Unfortunately, you do take this sort of risk when you buy a used lens. A lens that was dropped may have a part inside that was cracked, so it appears to function normally for a while until the part breaks, and only then do you notice a problem. 

I think it's a good idea to factor this sort of thing into the price you are willing to pay for a used lens. If the deal is good enough that you can add the cost of a service visit to what you paid, and still come out significantly cheaper than a new (or refurbished, if available) lens, then you're getting a good price on the used copy.


----------



## Viggo (Sep 3, 2013)

*Re: 200 f2.0 first dissapointed customer ever?*

All advice and comments are appreciated 

I live in Norway so shipping with normal post-office mail isn't an option, they only insure up to 1500 usd. And with insurance and shipping for 6000 usd the price is 200.

I know the guy who sold it to me, and he's a great guy, so I think there is 100% chance this isn't caused by either of us, but something with the lens. The lens is only 10 months old. 

And I don't think either of us have even used the focusing ring for any thing else than supporting the lens.

It's just very annoying that the sealing is rubbish on this one. I think it's useless that it could happen without even using it situations where it could be an issue with a non-sealed lens. I have pushed the limit with some of my other gear to see what it could take and they worked flawlessly no matter what. I expect this lens to do the same, that's all.

The AF issue is a "sh!t happens" thing, it could happen, I can accept that. But everybody here would be pretty upset to have it happen to a 6k lens within the first year. 

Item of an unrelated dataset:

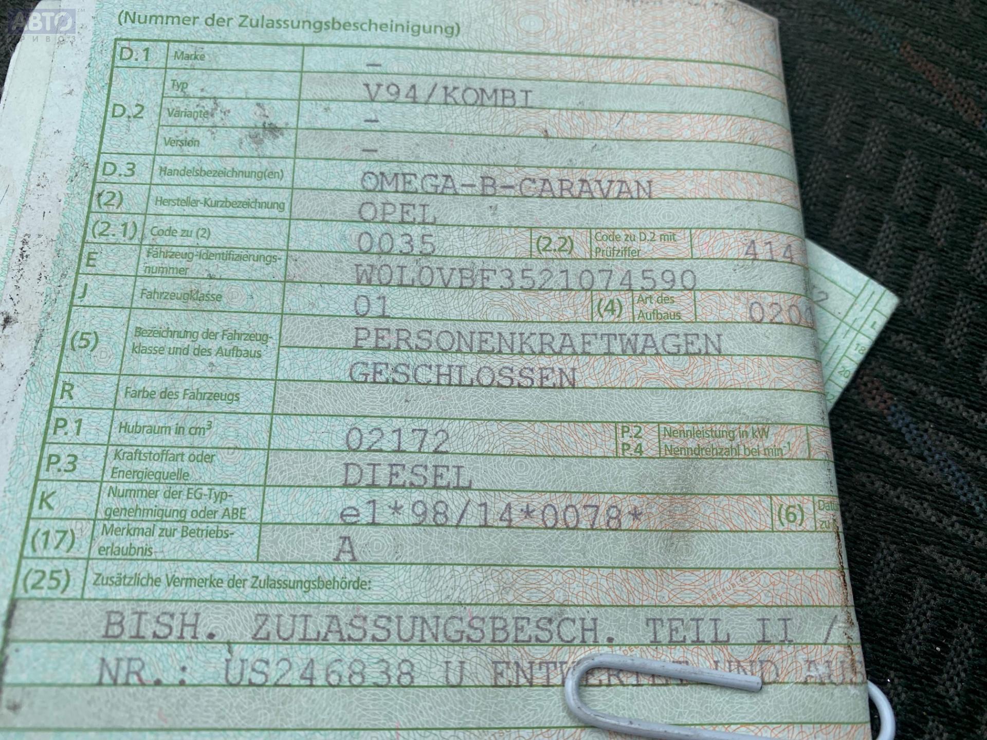 | Марка / Модель / Год: | Opel Omega B (1994-2003) 2002 |

I'll update the thread when I get some kind of feedback from the service place, could be useful for others if it is in fact gravel and it's not covered. That means you can't trust the sealing until the lens breaks and you get it fixed. 

Thanks again


----------



## neuroanatomist (Sep 3, 2013)

*Re: 200 f2.0 first dissapointed customer ever?*



Viggo said:


> The AF issue is a "sh!t happens" thing, it could happen, I can accept that. But everybody here would be pretty upset to have it happen to a 6k lens within the first year.

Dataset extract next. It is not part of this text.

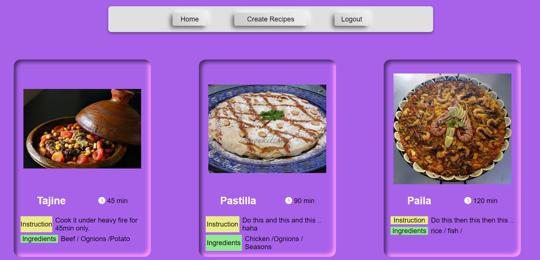 a plateform where registered users can create recipes and share it in Home page. This application needs dozens of features.

...as opposed to a nearly $7K camera within the first year? Honestly, the 1D X issue is worse, IMO, because it affects pretty much all users who bought the camera before the recall, whereas I haven't seen a big outcry or recall of the 200/2 for 'gravel in the focus ring' - seems you were unlucky and got a lemon. Still sucks, though. I suspect it'll end up not being gravel (wouldn't you or the person you bought it from know that it had been dragged through gravel?), or the sealing, but something internal that's broken.


----------



## Viggo (Sep 3, 2013)

*Re: 200 f2.0 first dissapointed customer ever?*



neuroanatomist said:


> Viggo said:
> 
> 
> > The AF issue is a "sh!t happens" thing, it could happen, I can accept that. But everybody here would be pretty upset to have it happen to a 6k lens within the first year.
> ...



I can agree that the 1dx issue is worse because it affects much more people. But I had mine in for service but it never malfunctioned for me, and it seems to me that majority of serviced 1dx's wasn't having the symptoms, just the serialnumber.

I certainly hope something internal is broken, but considering the ring haven't been used and worked fine three weeks ago, I doubt it. But I can't know that until they open it. I also can't really know where the dust I see inside the lens is located. All I know are the symptoms not the solution. Point being when it has seen almost no use, it shouldn't have to be repaired. A D.O.A-lens would have been much easier to accept...


----------



## aussiekid (Sep 3, 2013)

*Re: 200 f2.0 first dissapointed customer ever?*



hawaiisunsetphoto said:


> If you're using the 5D Mark III, there's a known compatibility issue with this lens and a service bulletin from Canon. I sent my 200 f/2L into Canon for the update.....



What was the issue? I just bought the mk3 and also have the 200 f/2L
Source?


----------



## neuroanatomist (Sep 3, 2013)

*Re: 200 f2.0 first dissapointed customer ever?*



aussiekid said:


> hawaiisunsetphoto said:
> 
> 
> > If you're using the 5D Mark III, there's a known compatibility issue with this lens and a service bulletin from Canon. I sent my 200 f/2L into Canon for the update.....
> ...



Loud noise from the IS system.

http://www.usa.canon.com/cusa/support/consumer?pageKeyCode=prdAdvDetail&docId=0901e02480532d6b


----------



## Viggo (Sep 3, 2013)

*Re: 200 f2.0 first dissapointed customer ever?*



aussiekid said:


> hawaiisunsetphoto said:
> 
> 
> > If you're using the 5D Mark III, there's a known compatibility issue with this lens and a service bulletin from Canon. I sent my 200 f/2L into Canon for the update.....
> ...



The issue as I recall it was a abnormal rattling or clicking noise in the IS unit. The lens needs an update from Canon.


----------



## Mt Spokane Photography (Sep 3, 2013)

*Re: 200 f2.0 first dissapointed customer ever?*

I'd have not waited a month to exchange it (unless it just suddenly happened). 

Even the big whites can have issues, just as $100,000 cars have issues. Get it fixed or exchanged.


----------



## Viggo (Sep 3, 2013)

*Re: 200 f2.0 first dissapointed customer ever?*



Mt Spokane Photography said:


> I'd have not waited a month to exchange it (unless it just suddenly happened).
> 
> Even the big whites can have issues, just as $100,000 cars have issues. Get it fixed or exchanged.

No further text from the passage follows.